Additional features such as assigning different dielectric constants to different regions of space, smooth Gaussian-based dielectric distribution function,[2] modeling geometric objects and charge distributions, and treating systems containing mixed salt solutions also attracted many researchers. In addition to the typical potential map, DelPhi can generate and output the calculated distribution of either the dielectric constant or ion concentration, providing the biomedical community with extra tools for their research.[3][4][5]
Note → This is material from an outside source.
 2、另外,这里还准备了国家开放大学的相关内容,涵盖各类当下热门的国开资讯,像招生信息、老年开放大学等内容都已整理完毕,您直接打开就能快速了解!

Pdb files are typically used as input for DelPhi calculations. Other required inputs are an atomic radii file and a charge file .[6] Binary Potential files as output from DelPhi can be viewed in most molecular viewers such as UCSF Chimera, Jmol, and VMD, and can either be mapped onto surfaces or visualized at a fixed cutoff.[7]
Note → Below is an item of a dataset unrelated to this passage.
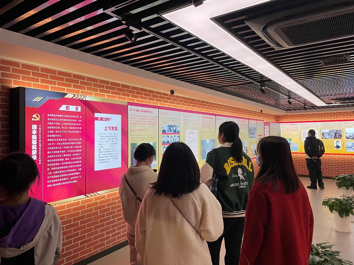 中共四大是重要的历史坐标,1925年中共四大的召开,见证了中国共产党的发展和壮大。在讲解员的带领下,同学们开始认真参观学习。在陈列了中共四大相关史料的主展厅,同学们了解了四大召开的时局与形势、筹备与召开以及发展与高潮,本展厅的参观使同学们更加深刻地了解了我党早期探索中国革命道路的艰辛历程。随后,同学们参观了“红色纪念-中国共产党在虹口”为主题的副展厅,讲解员多角度、全方面立体生动的讲解让同学们倾听津津有味,进一步激励大家牢记初心使命,坚定理想信念,胸怀远大梦想,让青春在奋斗中焕发更加绚丽的光彩。

Delphi distribution comes as a sequential as well as parallelized codes, runs on Linux, Mac OS X and Microsoft Windows systems and the source code is available in Fortran 95 and C++ programming languages. DELPHI is also implemented into an accessible web-server.[8] DELPHI has also been utilized to build a server that predicts pKa's of biological macromolecules such as proteins, RNAs and DNAs which can be accessed via web.[9]
DelPhi v.7 is distributed in four versions:
Their way of working is very similar; however, unexpected differences may appear due to different numerical precision or to the porting of the software to different architectures. For example, the elapsed time in the PC version is not calculated at present.
Each distribution contains one executable (named delphi or delphi.exe), the source codes (with corresponding makefile when needed), and some worked examples.